▶ **WHAT YOU HAVE TO DO**
In the records below, repeat word for word only the lines starting at the one that contains "für zusätzliches Licht." and ending at the one that contains "2025年12月18日,比亚", pictures excluded.

▶ **RECORDS FOR THE TASK**
Start of Block
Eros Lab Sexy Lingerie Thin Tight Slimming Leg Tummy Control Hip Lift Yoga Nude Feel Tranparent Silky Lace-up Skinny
End of Block
Start of Block
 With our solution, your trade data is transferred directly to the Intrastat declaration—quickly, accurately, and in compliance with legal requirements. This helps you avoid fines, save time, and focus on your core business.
End of Block
Start of Block
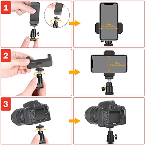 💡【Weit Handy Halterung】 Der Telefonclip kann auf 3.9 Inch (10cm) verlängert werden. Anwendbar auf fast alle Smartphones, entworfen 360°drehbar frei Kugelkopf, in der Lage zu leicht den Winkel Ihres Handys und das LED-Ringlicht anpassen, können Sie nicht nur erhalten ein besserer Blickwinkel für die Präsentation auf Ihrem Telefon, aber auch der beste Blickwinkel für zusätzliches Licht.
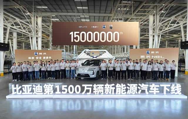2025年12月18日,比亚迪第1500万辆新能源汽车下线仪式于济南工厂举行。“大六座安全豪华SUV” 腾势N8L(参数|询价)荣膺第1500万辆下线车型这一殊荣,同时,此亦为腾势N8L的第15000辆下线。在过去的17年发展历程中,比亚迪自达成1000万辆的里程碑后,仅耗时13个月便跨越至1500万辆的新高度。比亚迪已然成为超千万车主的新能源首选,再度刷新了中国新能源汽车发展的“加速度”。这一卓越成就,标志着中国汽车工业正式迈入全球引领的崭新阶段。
End of Block
▶ **SOLUTION TO THIS TASK**
 💡【Weit Handy Halterung】 Der Telefonclip kann auf 3.9 Inch (10cm) verlängert werden. Anwendbar auf fast alle Smartphones, entworfen 360°drehbar frei Kugelkopf, in der Lage zu leicht den Winkel Ihres Handys und das LED-Ringlicht anpassen, können Sie nicht nur erhalten ein besserer Blickwinkel für die Präsentation auf Ihrem Telefon, aber auch der beste Blickwinkel für zusätzliches Licht.
2025年12月18日,比亚迪第1500万辆新能源汽车下线仪式于济南工厂举行。“大六座安全豪华SUV” 腾势N8L(参数|询价)荣膺第1500万辆下线车型这一殊荣,同时,此亦为腾势N8L的第15000辆下线。在过去的17年发展历程中,比亚迪自达成1000万辆的里程碑后,仅耗时13个月便跨越至1500万辆的新高度。比亚迪已然成为超千万车主的新能源首选,再度刷新了中国新能源汽车发展的“加速度”。这一卓越成就,标志着中国汽车工业正式迈入全球引领的崭新阶段。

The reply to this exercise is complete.